Completely disagree with this thought he wasn't good and did nothing in college and think it is lacking important context. You can't just look at the box score and assume he wasn't good.
Jacobs came in as one of the lower-rated RB recruits Alabama has brought in but still carved out a big role as a true freshman in 2016 despite a loaded depth chart. 5-star sophomore Damien Harris and productive 4th-year, 22 year-old Bo Scarbrough, were the top two but Jacobs finished not too far behind them with 723 total yards. He was stuck behind the same two older guys in 2017 but still finished 3rd in yards and held off the #1 RB recruit in the nation (Najee Harris) on the depth chart.
Then in 2018, he had slightly fewer yards than Harris again but led the team in touchdowns and was the go-to guy in big games and in key situations. The fact of the matter is that Alabama had at least three RBs last year that will be drafted in the first 3 rounds and they blew out almost every opponent they played. Damien Harris is going to be a top 5 RB in this class and Najee Harris should be a top 5 RB next draft. The 4th guy, Brian Robinson could play in the NFL as well. So, of course, they weren't going to give any of their top 3 a heavy workload and none of the three had any chance of putting up huge numbers given the situation and shared touches.

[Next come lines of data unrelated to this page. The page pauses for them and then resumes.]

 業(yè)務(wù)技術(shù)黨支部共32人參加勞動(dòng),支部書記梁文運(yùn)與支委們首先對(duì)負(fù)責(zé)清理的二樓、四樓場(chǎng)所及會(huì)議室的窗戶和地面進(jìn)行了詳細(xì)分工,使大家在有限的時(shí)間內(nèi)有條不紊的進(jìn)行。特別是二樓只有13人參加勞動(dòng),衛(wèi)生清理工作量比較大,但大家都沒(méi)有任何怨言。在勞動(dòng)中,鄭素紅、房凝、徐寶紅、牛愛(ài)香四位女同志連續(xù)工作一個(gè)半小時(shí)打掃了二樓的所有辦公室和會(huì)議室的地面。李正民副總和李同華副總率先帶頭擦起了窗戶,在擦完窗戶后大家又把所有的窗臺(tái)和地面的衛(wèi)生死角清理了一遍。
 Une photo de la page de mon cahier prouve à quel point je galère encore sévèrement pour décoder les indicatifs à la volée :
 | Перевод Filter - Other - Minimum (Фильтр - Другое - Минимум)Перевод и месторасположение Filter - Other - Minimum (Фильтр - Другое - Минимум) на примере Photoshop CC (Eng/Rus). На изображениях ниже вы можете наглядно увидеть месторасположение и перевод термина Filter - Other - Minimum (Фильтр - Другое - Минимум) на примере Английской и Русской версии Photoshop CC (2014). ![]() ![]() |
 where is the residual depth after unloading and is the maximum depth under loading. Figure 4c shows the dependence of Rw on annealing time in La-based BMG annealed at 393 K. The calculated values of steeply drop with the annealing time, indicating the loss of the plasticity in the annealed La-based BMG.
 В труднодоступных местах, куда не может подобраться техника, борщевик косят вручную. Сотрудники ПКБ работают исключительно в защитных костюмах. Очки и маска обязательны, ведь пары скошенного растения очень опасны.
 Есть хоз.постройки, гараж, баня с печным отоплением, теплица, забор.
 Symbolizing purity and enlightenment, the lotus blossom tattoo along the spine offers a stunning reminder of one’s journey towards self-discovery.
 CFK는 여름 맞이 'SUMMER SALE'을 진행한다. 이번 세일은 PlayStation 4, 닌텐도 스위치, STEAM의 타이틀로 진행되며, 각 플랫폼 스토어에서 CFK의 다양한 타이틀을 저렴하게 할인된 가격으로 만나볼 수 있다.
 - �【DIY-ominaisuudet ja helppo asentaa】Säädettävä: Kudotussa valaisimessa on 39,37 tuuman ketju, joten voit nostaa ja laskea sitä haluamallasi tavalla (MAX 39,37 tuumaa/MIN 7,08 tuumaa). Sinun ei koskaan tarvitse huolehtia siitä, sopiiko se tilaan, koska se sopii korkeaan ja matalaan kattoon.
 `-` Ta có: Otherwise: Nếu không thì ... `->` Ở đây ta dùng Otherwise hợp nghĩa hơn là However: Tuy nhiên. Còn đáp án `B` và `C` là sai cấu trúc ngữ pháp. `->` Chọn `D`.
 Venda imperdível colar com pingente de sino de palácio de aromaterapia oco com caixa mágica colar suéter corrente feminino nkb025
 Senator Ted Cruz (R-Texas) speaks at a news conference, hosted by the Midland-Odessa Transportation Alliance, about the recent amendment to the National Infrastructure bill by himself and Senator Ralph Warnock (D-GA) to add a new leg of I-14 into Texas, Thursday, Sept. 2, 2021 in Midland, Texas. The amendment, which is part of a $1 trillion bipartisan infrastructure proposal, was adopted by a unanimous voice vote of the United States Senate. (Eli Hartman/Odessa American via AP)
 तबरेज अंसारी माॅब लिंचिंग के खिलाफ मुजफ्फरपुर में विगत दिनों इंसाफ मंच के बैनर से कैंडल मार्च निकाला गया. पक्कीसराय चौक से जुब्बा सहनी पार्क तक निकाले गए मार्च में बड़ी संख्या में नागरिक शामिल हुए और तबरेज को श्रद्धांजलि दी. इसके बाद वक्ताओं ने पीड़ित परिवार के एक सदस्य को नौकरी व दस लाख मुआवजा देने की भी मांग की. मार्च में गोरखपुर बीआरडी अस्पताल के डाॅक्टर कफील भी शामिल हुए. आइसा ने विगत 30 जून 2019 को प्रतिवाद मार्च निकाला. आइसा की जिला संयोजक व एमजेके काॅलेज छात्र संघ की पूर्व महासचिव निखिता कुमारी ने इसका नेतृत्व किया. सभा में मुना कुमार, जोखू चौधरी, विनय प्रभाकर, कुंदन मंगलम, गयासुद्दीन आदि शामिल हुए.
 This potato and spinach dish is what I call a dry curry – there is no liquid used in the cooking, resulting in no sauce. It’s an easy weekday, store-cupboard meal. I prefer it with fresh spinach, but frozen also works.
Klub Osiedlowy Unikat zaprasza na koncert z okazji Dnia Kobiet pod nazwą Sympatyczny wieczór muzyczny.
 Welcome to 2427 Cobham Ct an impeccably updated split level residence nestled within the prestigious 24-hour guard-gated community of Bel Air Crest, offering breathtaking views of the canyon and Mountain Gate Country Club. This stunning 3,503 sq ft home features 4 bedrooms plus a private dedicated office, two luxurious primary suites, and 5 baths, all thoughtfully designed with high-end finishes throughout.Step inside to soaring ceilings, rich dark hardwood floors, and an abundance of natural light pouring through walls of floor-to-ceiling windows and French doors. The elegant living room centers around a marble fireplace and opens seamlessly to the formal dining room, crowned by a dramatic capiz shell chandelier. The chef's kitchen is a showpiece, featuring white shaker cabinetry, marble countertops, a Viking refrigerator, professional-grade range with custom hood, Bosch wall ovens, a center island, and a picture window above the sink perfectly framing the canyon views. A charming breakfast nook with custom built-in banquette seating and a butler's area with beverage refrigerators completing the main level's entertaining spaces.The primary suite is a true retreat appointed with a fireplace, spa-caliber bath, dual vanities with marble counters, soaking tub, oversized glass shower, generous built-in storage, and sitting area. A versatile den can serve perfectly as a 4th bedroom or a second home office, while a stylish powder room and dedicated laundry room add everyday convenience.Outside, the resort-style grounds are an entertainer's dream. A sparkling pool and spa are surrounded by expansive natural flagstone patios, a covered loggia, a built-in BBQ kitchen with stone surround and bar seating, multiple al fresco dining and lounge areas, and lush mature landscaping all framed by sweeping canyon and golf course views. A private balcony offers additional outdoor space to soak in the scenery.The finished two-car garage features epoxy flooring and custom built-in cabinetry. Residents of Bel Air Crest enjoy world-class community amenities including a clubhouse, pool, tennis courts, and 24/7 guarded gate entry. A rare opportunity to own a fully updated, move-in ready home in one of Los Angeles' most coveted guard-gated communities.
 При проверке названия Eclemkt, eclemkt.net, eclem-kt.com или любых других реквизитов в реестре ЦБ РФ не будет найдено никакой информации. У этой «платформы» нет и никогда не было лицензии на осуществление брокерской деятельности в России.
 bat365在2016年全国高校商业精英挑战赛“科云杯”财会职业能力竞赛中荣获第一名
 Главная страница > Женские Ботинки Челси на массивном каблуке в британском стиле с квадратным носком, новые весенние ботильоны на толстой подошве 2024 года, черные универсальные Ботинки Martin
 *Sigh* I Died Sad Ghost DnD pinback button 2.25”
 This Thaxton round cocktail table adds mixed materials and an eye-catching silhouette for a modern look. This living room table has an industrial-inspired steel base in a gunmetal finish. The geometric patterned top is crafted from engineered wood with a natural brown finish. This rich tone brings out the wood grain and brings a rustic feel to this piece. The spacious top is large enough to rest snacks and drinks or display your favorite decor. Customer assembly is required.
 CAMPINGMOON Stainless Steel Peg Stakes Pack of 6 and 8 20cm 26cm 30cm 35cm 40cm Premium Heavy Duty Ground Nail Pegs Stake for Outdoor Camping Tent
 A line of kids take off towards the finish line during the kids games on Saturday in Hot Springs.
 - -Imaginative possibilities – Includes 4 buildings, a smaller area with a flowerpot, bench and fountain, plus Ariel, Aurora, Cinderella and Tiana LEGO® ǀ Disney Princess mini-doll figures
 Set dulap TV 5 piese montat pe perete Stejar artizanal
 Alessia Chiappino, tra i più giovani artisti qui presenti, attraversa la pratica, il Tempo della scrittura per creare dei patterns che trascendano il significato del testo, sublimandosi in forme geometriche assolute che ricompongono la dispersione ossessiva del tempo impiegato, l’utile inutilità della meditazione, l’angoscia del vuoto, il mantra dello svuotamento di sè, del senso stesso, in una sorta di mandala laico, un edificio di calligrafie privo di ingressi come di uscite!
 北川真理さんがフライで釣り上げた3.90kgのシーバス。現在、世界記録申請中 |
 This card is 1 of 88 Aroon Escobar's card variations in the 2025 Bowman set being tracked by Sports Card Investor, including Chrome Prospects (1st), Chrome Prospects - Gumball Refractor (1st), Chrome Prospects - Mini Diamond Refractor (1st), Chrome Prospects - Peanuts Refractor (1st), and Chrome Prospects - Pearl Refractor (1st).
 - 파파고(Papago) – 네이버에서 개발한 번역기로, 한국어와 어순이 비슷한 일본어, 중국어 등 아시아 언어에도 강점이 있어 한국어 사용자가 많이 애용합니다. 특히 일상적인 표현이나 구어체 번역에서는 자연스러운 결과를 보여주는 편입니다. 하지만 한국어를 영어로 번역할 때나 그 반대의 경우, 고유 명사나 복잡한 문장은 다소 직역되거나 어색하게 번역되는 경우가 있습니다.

This reminds me a bit of when a lot of people knocked Michael Thomas as a prospect because he didn't have a huge "market share" at Ohio State. But he was sharing the field with a half dozen other NFL-caliber skill position players (Ezekiel Elliott, Curtis Samuel, Braxton Miller, Jalin Marshall, Nick Vannett, Jeff Heuerman, etc.) and OSU made it a point to spread it around to try to keep everybody happy.